Collected data
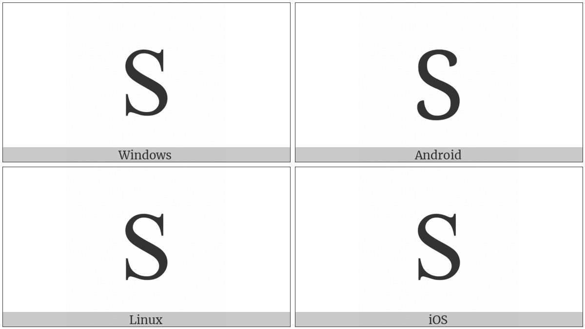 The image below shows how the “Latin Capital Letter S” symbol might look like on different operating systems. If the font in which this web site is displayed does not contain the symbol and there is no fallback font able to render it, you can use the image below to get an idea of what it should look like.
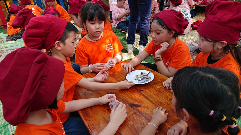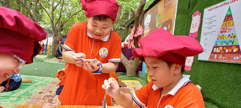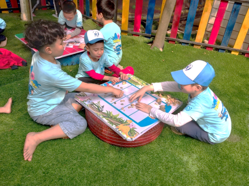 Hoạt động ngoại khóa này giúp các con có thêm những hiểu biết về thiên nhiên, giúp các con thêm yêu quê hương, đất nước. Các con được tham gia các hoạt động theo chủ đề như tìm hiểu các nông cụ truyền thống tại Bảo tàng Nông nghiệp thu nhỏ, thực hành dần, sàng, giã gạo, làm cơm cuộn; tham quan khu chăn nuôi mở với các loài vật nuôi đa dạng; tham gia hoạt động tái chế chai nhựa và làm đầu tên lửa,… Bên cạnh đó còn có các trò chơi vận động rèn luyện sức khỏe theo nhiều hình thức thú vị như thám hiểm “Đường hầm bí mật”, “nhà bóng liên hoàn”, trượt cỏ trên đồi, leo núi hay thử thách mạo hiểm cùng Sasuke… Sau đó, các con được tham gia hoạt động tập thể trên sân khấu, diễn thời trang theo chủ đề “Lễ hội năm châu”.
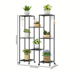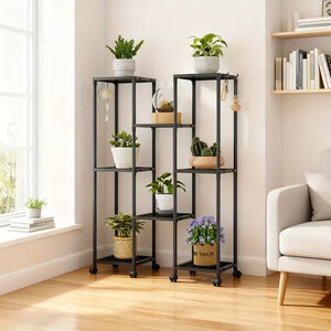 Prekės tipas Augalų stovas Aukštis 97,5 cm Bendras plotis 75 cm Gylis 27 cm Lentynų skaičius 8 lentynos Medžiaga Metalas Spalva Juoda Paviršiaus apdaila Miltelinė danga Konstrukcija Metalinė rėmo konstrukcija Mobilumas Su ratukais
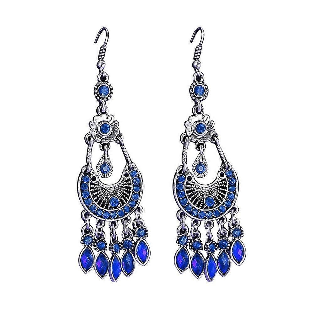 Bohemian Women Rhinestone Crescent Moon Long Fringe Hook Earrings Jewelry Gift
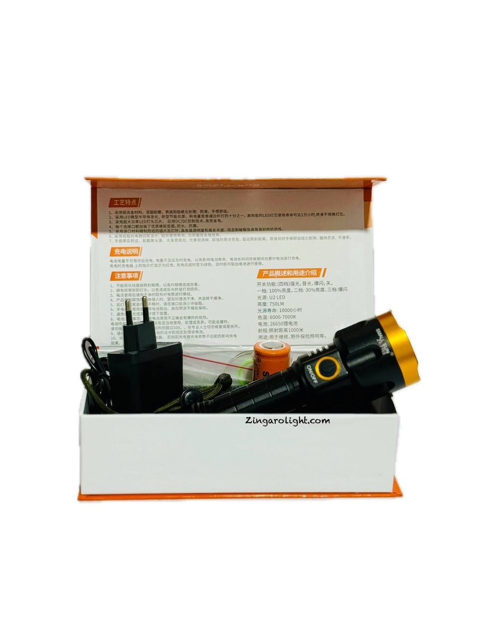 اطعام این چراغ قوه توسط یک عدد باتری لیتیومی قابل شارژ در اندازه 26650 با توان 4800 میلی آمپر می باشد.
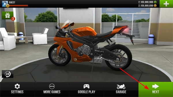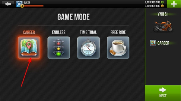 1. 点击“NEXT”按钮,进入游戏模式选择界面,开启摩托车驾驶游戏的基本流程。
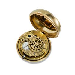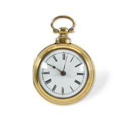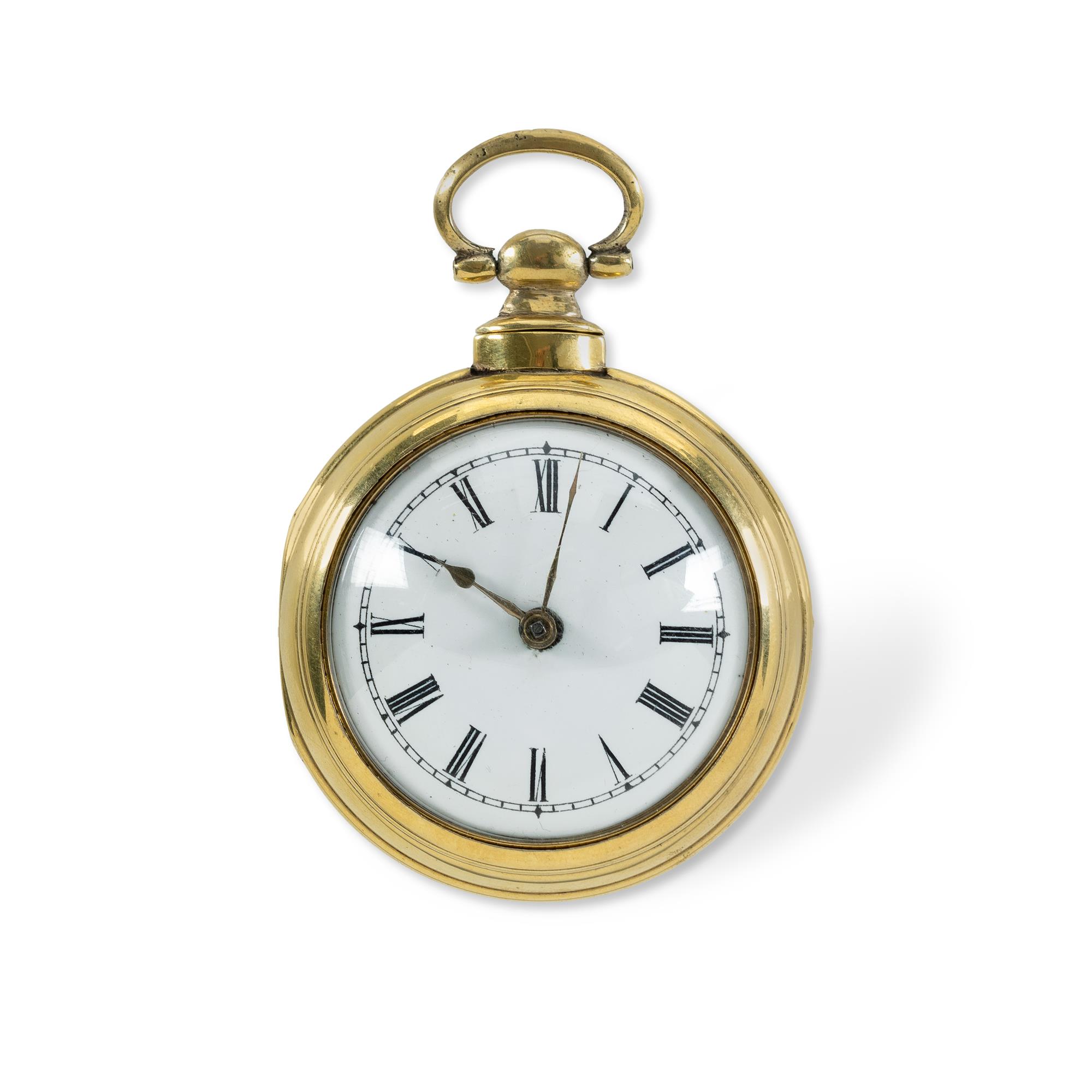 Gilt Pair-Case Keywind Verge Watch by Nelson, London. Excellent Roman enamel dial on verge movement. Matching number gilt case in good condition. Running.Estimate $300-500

**DIRECTIONS FOR THIS TASK**
Only the lines from the one containing "اطعام این چراغ" through the last line of the entries belong in the answer, given again exactly. Images stay out.

**REPLY**
 اطعام این چراغ قوه توسط یک عدد باتری لیتیومی قابل شارژ در اندازه 26650 با توان 4800 میلی آمپر می باشد.
 1. 点击“NEXT”按钮,进入游戏模式选择界面,开启摩托车驾驶游戏的基本流程。
 Gilt Pair-Case Keywind Verge Watch by Nelson, London. Excellent Roman enamel dial on verge movement. Matching number gilt case in good condition. Running.Estimate $300-500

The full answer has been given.